Academic background
- Alma mater: Durham University

Academic work
- Notable works: Coins and Power in Late Iron Age Britain

= John Creighton (archaeologist) =

British archaeologist

John Creighton is a British archaeologist and assistant professor at the University of Reading. His research focuses on the Late Iron Age and Early Roman period of north-western Europe.

== Education ==
Creighton received a PhD from Durham University in 1992 entitled The circulation of money in Roman Britain from the first to third century, supervised by John Casey. He studied under the Leslie Brooks Fellowship and resided in a room just above the St Cuthbert's Society wine cellar.

== Career ==

From 2005-10 Creighton directed the University of Reading's Centre for Excellence in Teaching and Learning, developing links between teaching and research. In 2010 Creighton was a National Teaching Fellow of the Higher Education Academy. From 2010-16 Creighton served as the Director of the Society of Antiquaries.

Creighton has undertaken fieldwork in France, Germany, Spain and Britain. He has co-edited a volume on cultural interactions in Germany.

Creighton has written two key-works reinterpreting the Late Iron Age-Roman transition in south-east Britain. Coins and Power utilised coin imagery to argue that Late Iron Age kings were obsides or hostages, who had been resident in Rome. Coins and Power has been described as a "essential reading for anyone studying the Later Pre-Roman Iron Age or Early Roman period in northern Europe". Britannia utilised a broader range of archaeological evidence to examine the influence of Late Iron Age kings on Roman towns in Britain and the development of the province.

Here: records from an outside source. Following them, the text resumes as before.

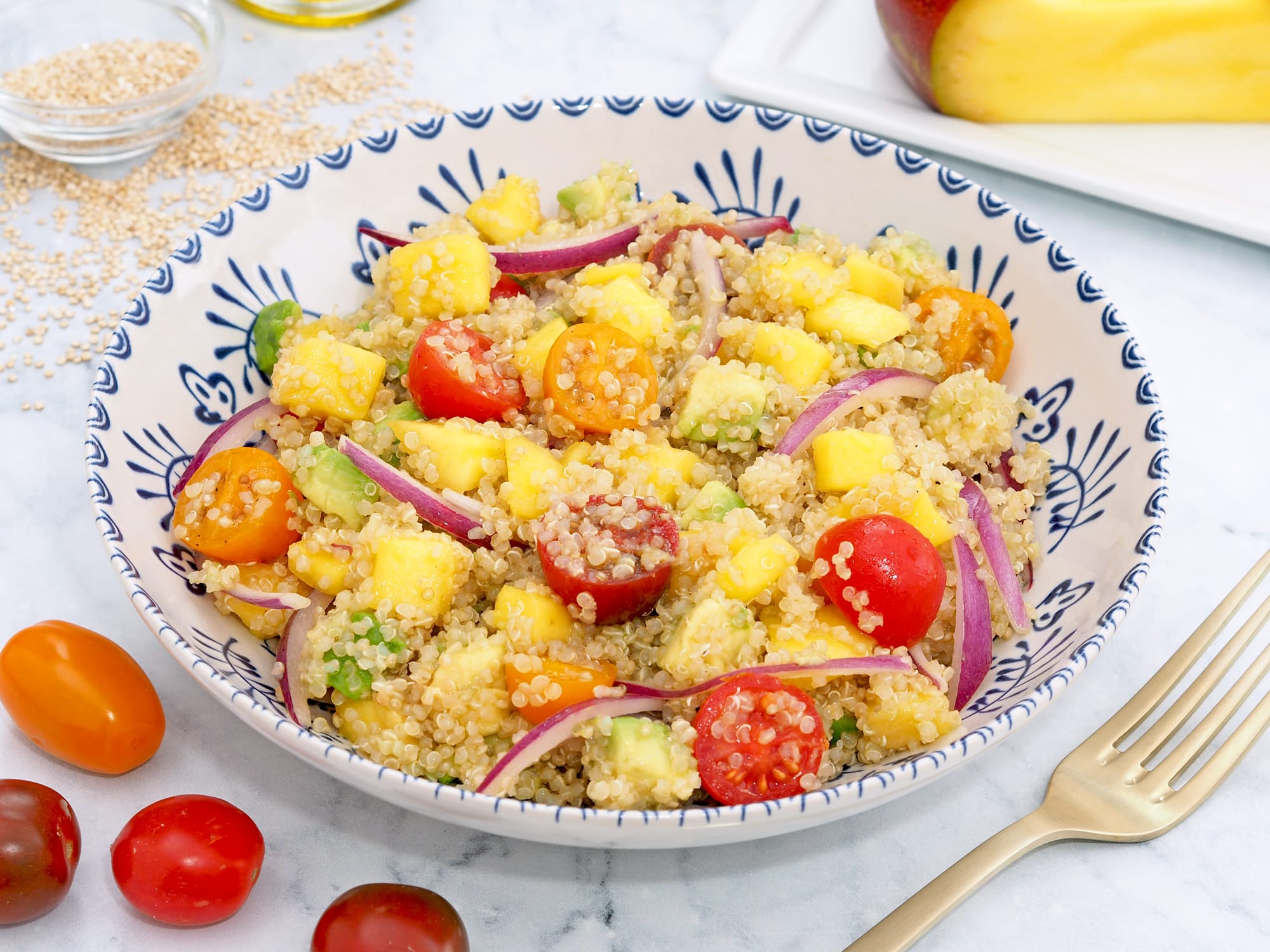 - Cena: Para la cena del domingo, las propuestas son todas de platos ligeros: una crema de calabacín como receta de cuchara, una coliflor rehogada y una ensalada de quinoa con mango y aguacate.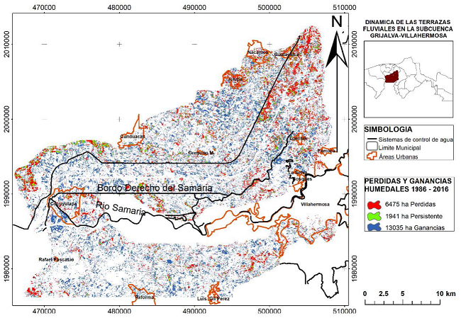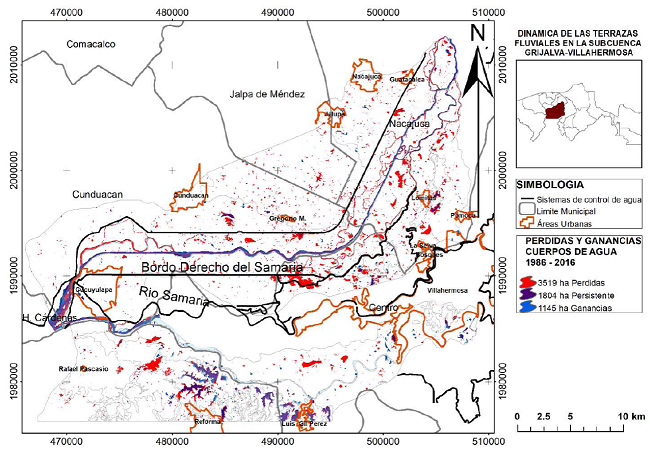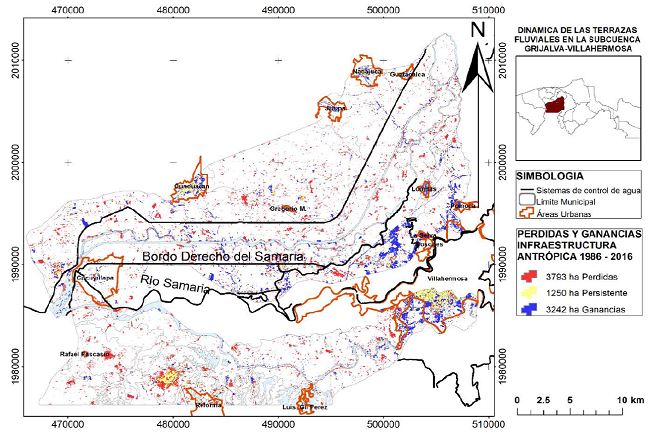 En la Figura 7 se pueden observar la relación de pérdidas y ganancias estimadas en el periodo de análisis de la infraestructura antrópica. Como respuesta a los sistemas de control de agua, se registró un crecimiento significativo (3242 ha) de zonas urbanas en la Subcuenca Grijalva-Villahermosa. Sin embargo, las pérdidas rebasan ligeramente a las ganancias (3793 ha), debido a que el crecimiento de zonas urbanas se ha dado en áreas donde no se inundaba constantemente, en particular en la zona sur de la Subcuenca, lo cual puede indicar un aumento en la vulnerabilidad de la población a las inundaciones.
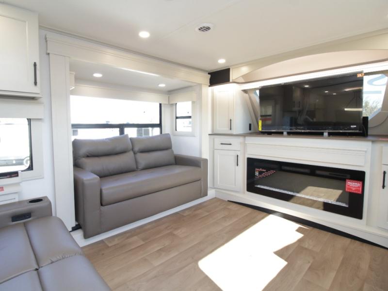 The dedicated front living area creates a true home-style atmosphere for relaxing and entertaining. Features include: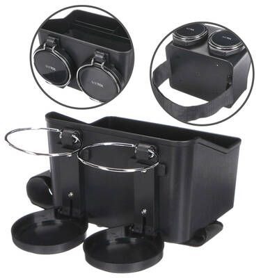 Organizér/držák nápojů CAR STORAGE 2 značky Sixtol vám zpříjemní každou cestu autem. Jednoduše jej připevníte na loketní opěrku a můžete do něj odložit 2 nápoje do průměru 7,5 cm. To ale není zdaleka vše! V praktických přihrádkách o velikostech 17,5 x 10,5 x 11 cm a 17,5 x 3 cm si můžete uschovat své cennosti. Mobilní telefon, klíče a peněženku už tak nebudete muset hledat po celé kabině vozu, ale budete je mít pěkně po ruce. Koupí tohoto organizéru navíc potěšíte i zbytek osazenstva na zadních sedačkách, protože na pití lehce dosáhnou. V černém provedení navíc bude ladit s každým interiérem.

The Silchester Mapping Project (2005-10) undertook geophysical survey and digitisation of previous investigations at Silchester.

== Awards and honours ==
Creighton was elected as a Fellow of the Society of Antiquaries in 2003.

== Selected publications ==

=== Books ===
- Creighton, J. (2000) Coins and Power in Late Iron Age Britain. Cambridge: Cambridge University Press.
- Keay, S. Creighton, J. & Remesal, J. (2000) Celti. The Archaeology of a Hispano-Roman Town in Baetica. Survey and Excavations 1987-1992. Oxford: Oxbow Books.
- Creighton, J. (2006) Britannia: The Creation of a Roman Province. Abingdon: Routledge.
- Creighton, J. and Fry, R. (2016) Silchester: Changing Visions of a Roman Town. Integrating Geophysics and Archaeology - the Results of the Silchester Mapping Project 2005-10. Britannia Monograph Series, 28. London: Society for the Promotion of Roman Studies.

=== Journal articles ===
- Creighton, J. (2014) The supply and movement of Denarii in Roman Britain. Britannia, 45. pp. 121-163. https://doi.org/10.1017/S0068113X14000282
- Creighton, J., Haselgrove, C., Lowether, P. and Moore, T. (2008) Becoming Roman in southern Burgundy: A field survey between Autun and Bibracte in the Arroux Valley (Saône-et-Loire), 2000-2003. Internet Archaeology, 25.